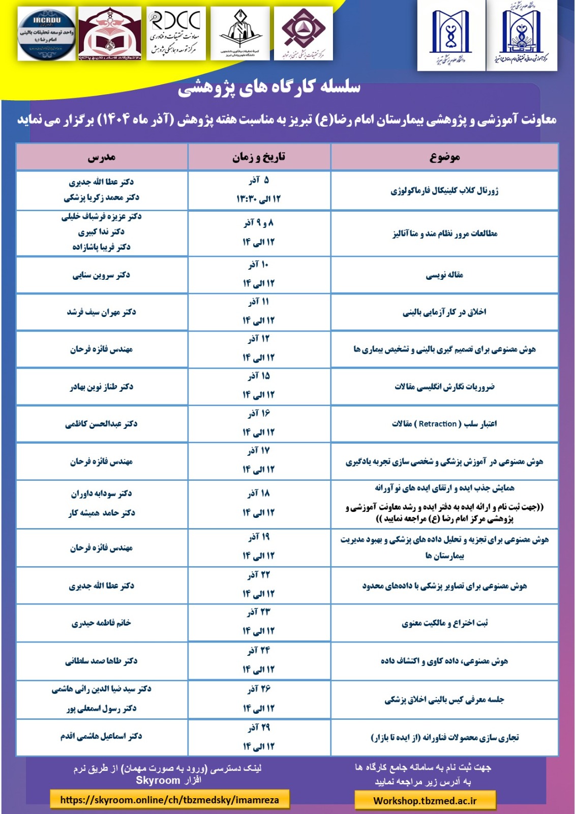 برنامه های سلسله کارگاههای پژوهشی بیمارستان امام رضا(ع) تبریز در آذرماه 1404
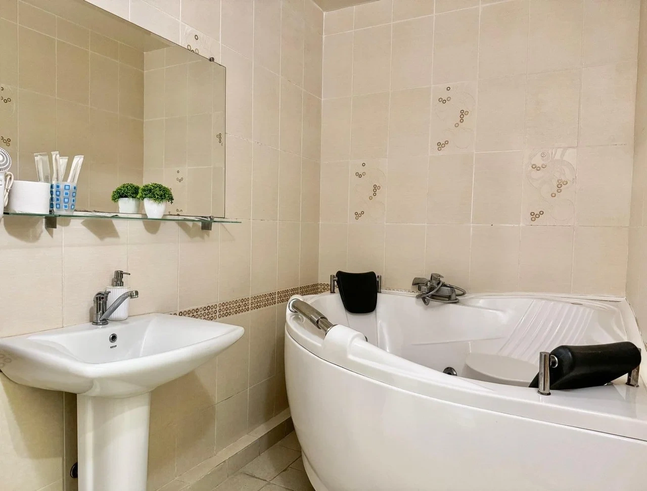 Кровать шикарная, бельё кристально белое и чистое. Ванная комната это бомба.
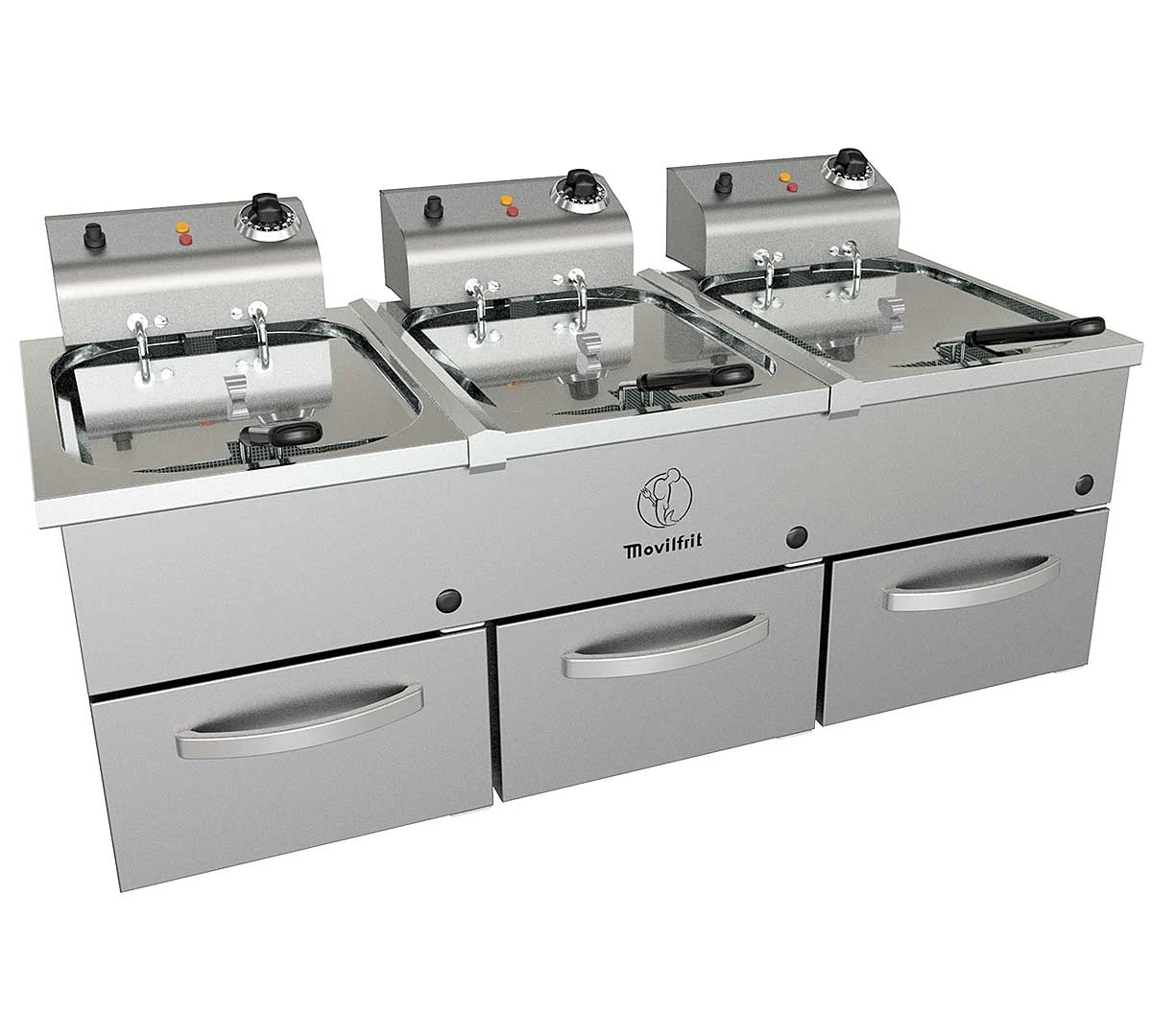 | Movilfrit Freidora FAP Triple Cabezal Fijo 3 Cubas de 10 litros – Potencia 4+4+4 kW | ||
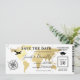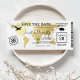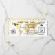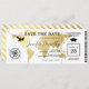 Cartão de embarque de graduação salve o convite de tíquete de data com um mapa de destino de folha de ouro elegante, bússola, avião, boné de formando e um modelo de texto personalizado.
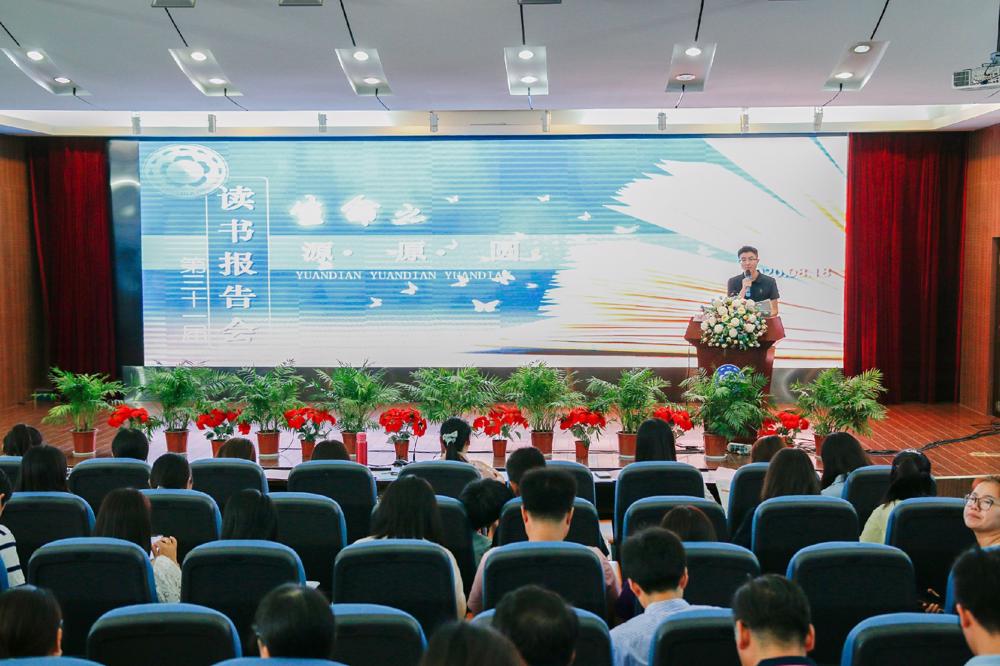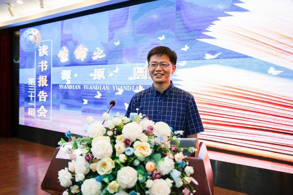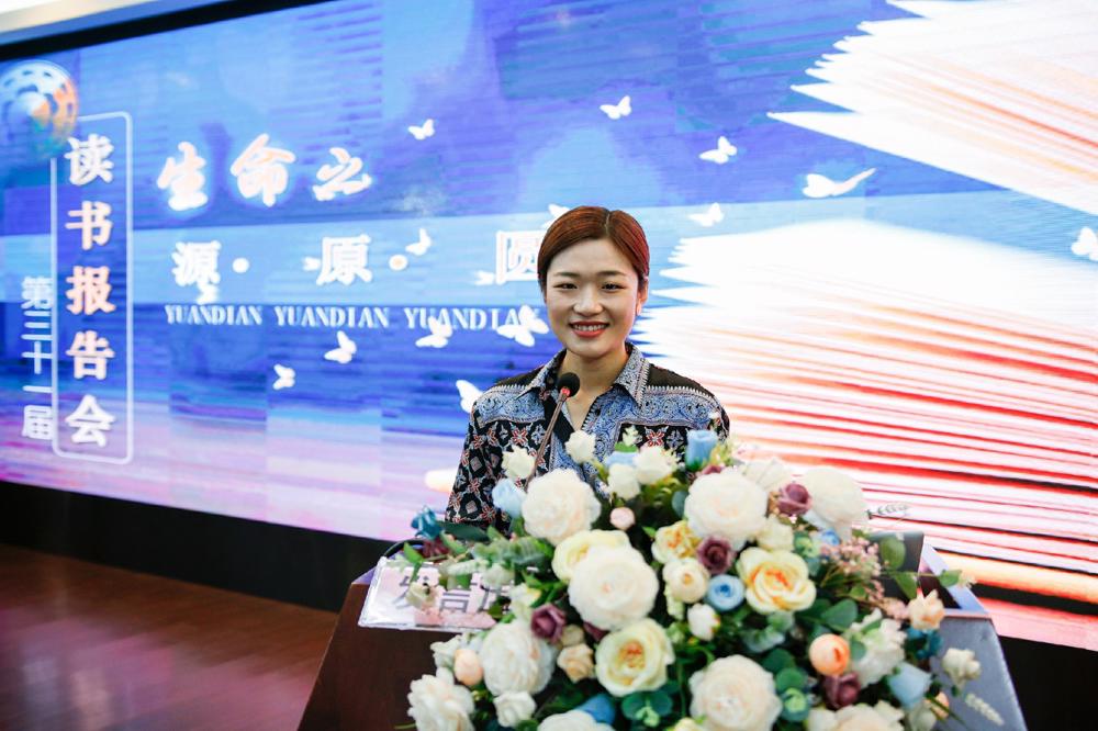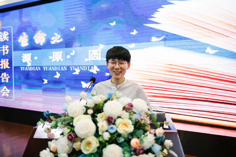 主持人纪明月老师阐释本届读书报告会的主题“源点·原点·圆点”时说:自新冠疫情以来,我们经历了生命的分离与悲痛,但同时也看到了坚守职责、挺然逆行和同心团结。恰恰就是这样一场国家和人民高度团结的抗疫行动,让我们看到了个体在生命面前所展现出的生存、生长和生活的不同,更体会到个体生命所包含的人世间一切最极致的体验,在这其中,有生命源起的奥秘,谓之“源点”;有生命本真的模样,谓之“原点”;有生命圆通的状态,谓之“圆点”。

==================================================

The finished answer is an exact repetition of the listing, with every picture removed.

 برنامه های سلسله کارگاههای پژوهشی بیمارستان امام رضا(ع) تبریز در آذرماه 1404
 Кровать шикарная, бельё кристально белое и чистое. Ванная комната это бомба.
 | Movilfrit Freidora FAP Triple Cabezal Fijo 3 Cubas de 10 litros – Potencia 4+4+4 kW | ||
 Cartão de embarque de graduação salve o convite de tíquete de data com um mapa de destino de folha de ouro elegante, bússola, avião, boné de formando e um modelo de texto personalizado.
 主持人纪明月老师阐释本届读书报告会的主题“源点·原点·圆点”时说:自新冠疫情以来,我们经历了生命的分离与悲痛,但同时也看到了坚守职责、挺然逆行和同心团结。恰恰就是这样一场国家和人民高度团结的抗疫行动,让我们看到了个体在生命面前所展现出的生存、生长和生活的不同,更体会到个体生命所包含的人世间一切最极致的体验,在这其中,有生命源起的奥秘,谓之“源点”;有生命本真的模样,谓之“原点”;有生命圆通的状态,谓之“圆点”。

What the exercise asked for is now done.